Need Help with an Essay? Visit a WA!

It’s a Tuesday evening, and I’m hurrying up the steps to McCabe Library. (I wish I could say that I’m hurtling up the steps, but let’s be real. That staircase cascade kills me every time. Why didn’t anyone tell me Swarthmore was such a hilly campus?)

I enter McCabe only slightly winded, or so I tell myself. After checking my watch, I heave a little sigh of relief — I’m on time to my appointment! Looking around the library, I spot my Writing Associate (WA) nestled into a fat armchair. He’s a senior here at Swat, and today he’ll be helping me edit an essay for my English class. I wave a hello and join him, sitting at an adjacent and equally squishy armchair.

After a few moments of chitchat, my WA and I start to pore over my essay draft together. The class I’ve written it for is called Grendel’s Workshop (ENGL 009R); basically, we examine ancient tales and contemporary riffs on those tales, then write analytical essays and our own creative re-imaginings. Grendel’s Workshop, like many other writing-intensive courses at Swarthmore, partners with WAs to support enrolled students as they work on papers for the class.

Today, my WA and I are discussing the first paper of the semester; we’ve already held a mini-workshop in class with my professor and fellow students, but now it’s time for a one-on-one meeting to focus on finer details. The essay prompt: write five to seven pages about modern-day Cinderella and Little Red Riding Hood retellings, on any topic of your choosing.

My draft: a hot mess.

See, back in high school, I’d only ever been assigned one-hour AP-style essays. And so this draft, the one I’m currently discussing with my WA, isn’t just the first essay I’ve ever written at college — it’s also the first real paper I’ve ever written, period. That lack of experience is painfully clear in my draft.

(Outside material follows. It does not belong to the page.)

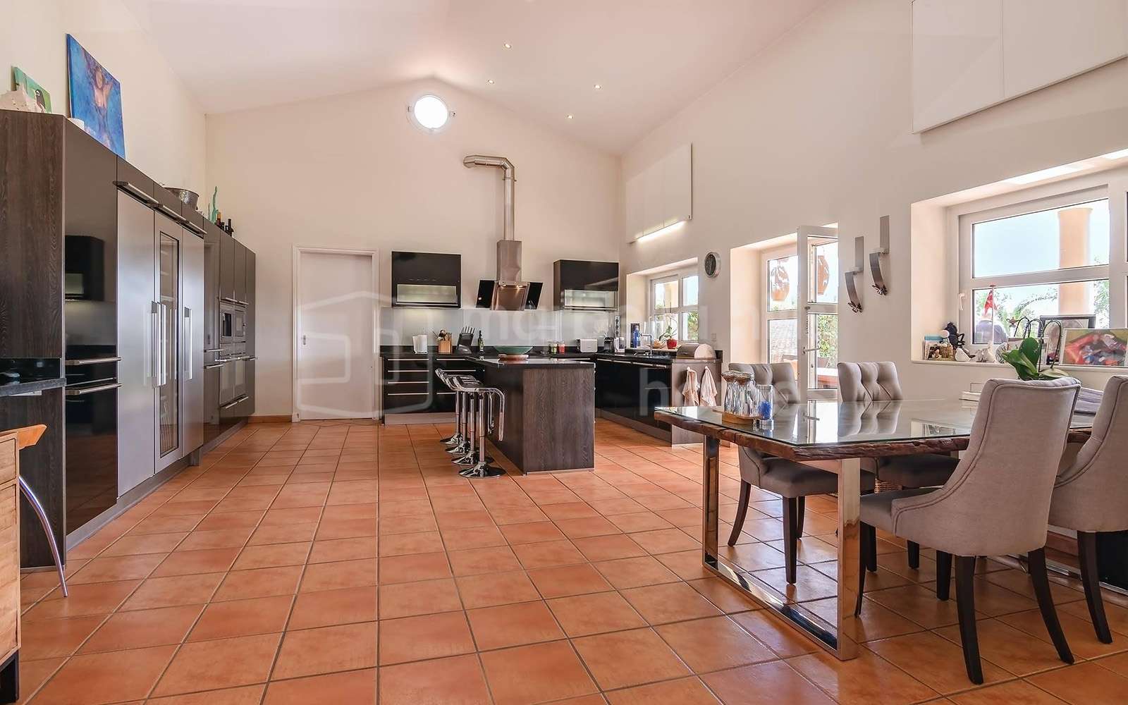 Cocina familiar moderna con acceso directo a una gran terraza con zona de barbacoa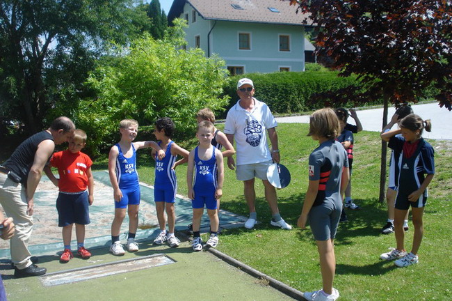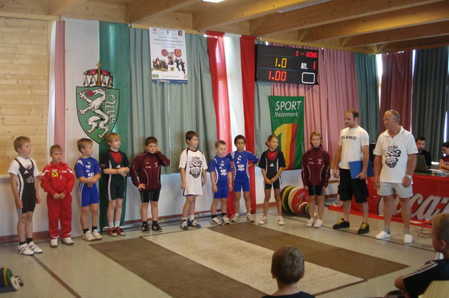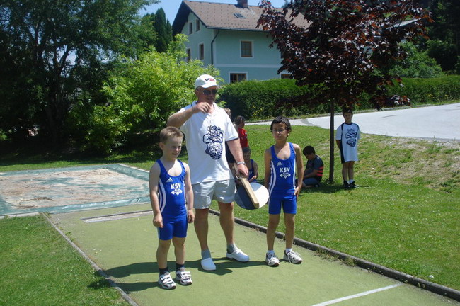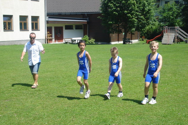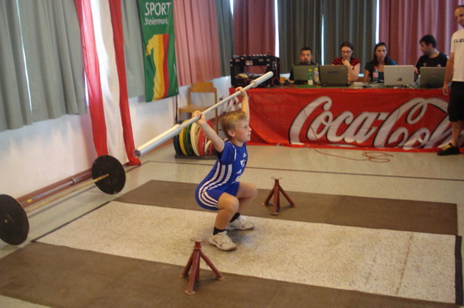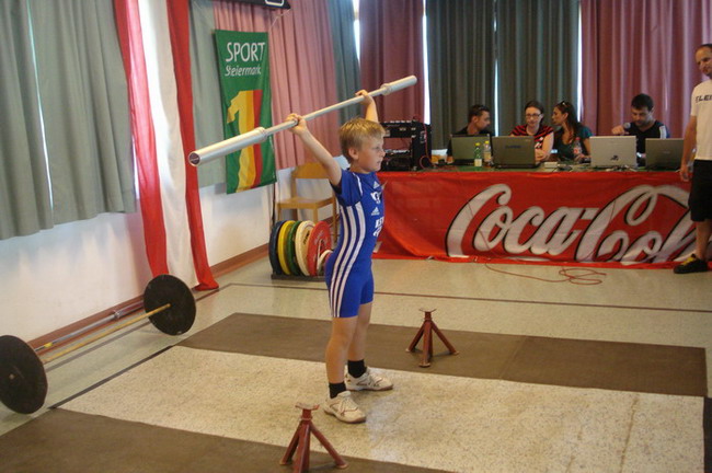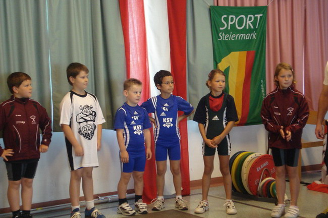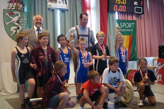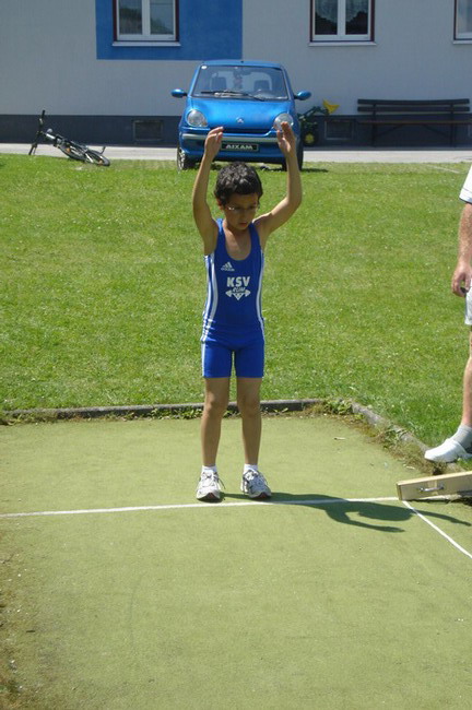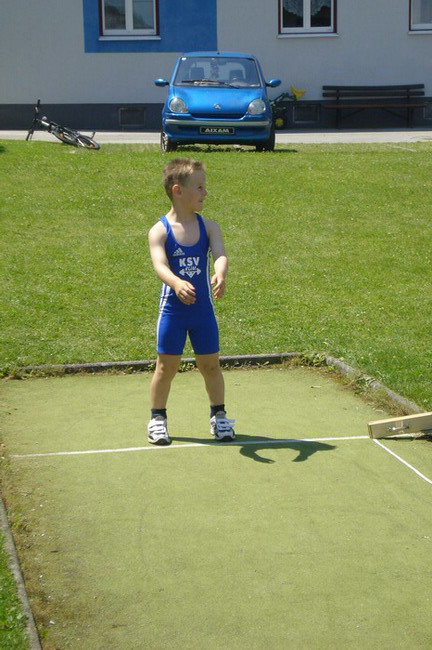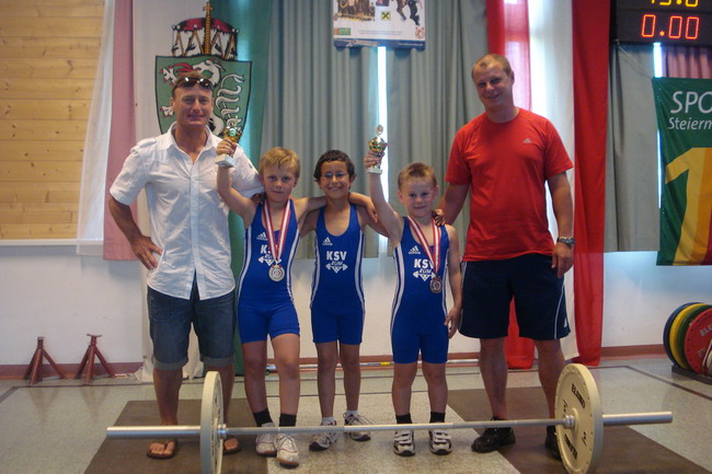 3 Starter - und die Plätze 1 - 2 - 4. Man kann also sagen dass die Ausbeute unserer 3 jüngsten KSV-Athleten optimal war. Bereits um 06.00 Uhr in der Früh erfolgte die Abfahrt in Richtung Öblarn. Mit an Bord die Betreuer Hans Steiner und Werner Uran. Für das leibliche Wohl und die mütterliche Unterstützung sorgte Marion Steiner. Lucas Steiner, Felix Steiner und Hasan Demir waren bei ihrem 1. Start bei einer österreichischen Meisterschaft am Anfang noch sichtlich nervös. Aber man sah gleich nach den Reißkniebeugen, dass sich das Training unter der Leitung von Harald Steiner, Martin Schneider und Werner Uran gelohnt hatte. Alle 3 Jung´s bekamen für ihre Versuche die Höchstmarke von 9,5 Punkten. Anschließend folgten in der Halle die Liegestütze - Lucas, Felix und Hasan kamen auf die Höchstzahl von 25. Leider wurden bei Hasan 3 auf Grund der unsauberen Ausführung gestrichen. Dann ging es auch schon ab zur Leichtathletik - der staatlich geprüfte Trainer Hans Steiner, der in der Vorbereitungsphase für das Leichtathletiktraining zuständig war, wärmte mit den Jung´s auf. Beim 30-Meter-Sprint aus der Bauchlage konnte man erkennen, dass unsere Mini-Herkulesse zu den schnellsten gehören. Lucas und Felix gelang mit 6,5 Sekunden die schnellste Zeit aller Teilnehmer. Dicht gefolgt von Hasan der nur eine Zehntel langsamer war. Beim 3-Hopp-Sprung fixierte Lucas Steiner dann schlussendlich seinen 1. österr. Meister-Titel. Mit 5,31 Metern sprang Lucas am weitesten aller Teilnehmer. Auch Felix mit 4,99 Metern und Hasan mit 4,83 metern konnten persönliche Bestweiten erzielen. Somit hieß es am Ende: 1. Platz - Lucas Steiner mit 37 Punkten, 2. Platz - Felix Steiner mit 35,5 Punkten und der undankbare aber ausgezeichnete 4. Platz für Hasan Demir mit 32,5 Punkten. Anschließend ging es wieder nach Hause. Am Thiersee wurde ein kurzer Badestop eingelegt, da die Busfahrt bei über 30 Grad ziemlich anstrengend war. Nach einer Pizzastärkung ging es ab nach Hause! Zum Schluss noch einmal ein Lob und Danke vom Trainer Werner an alle 3 Jung´s für ihr diszipliniertes und korrektes Auftreten bei der ersten nationalen Meisterschaft!!! | |||||||||||||||||||||||||||||||||||||||||||||||||||||||||||||||||||||||||||||||||||||||||||||||||||

Run-on sentences. Splintered logic. And, most unforgivably, a huge gaping void where my thesis should be.

Yet my WA is incredibly supportive and encouraging through our entire conference together: he shows me how to splice and tauten a few sentences, listens to me ramble about my extremely convoluted central argument, and helps me hammer out the logic until slowly a clear thesis starts to coalesce.

By the end of our session, I’m by no means done with my essay, but I now have a much better idea of what I’m doing. As an alumna of a STEM magnet high school, I’d been a bit worried before coming to college about my ability to handle humanities subjects at Swarthmore-level rigor. But now I see that at Swarthmore, academic support isn’t merely existent; it’s actually surprisingly easy to access.

After I turn in my final — and dramatically transformed — draft, my professor writes to me, “It’s something of a small miracle how far you’ve come in this one exercise! Keep it up!”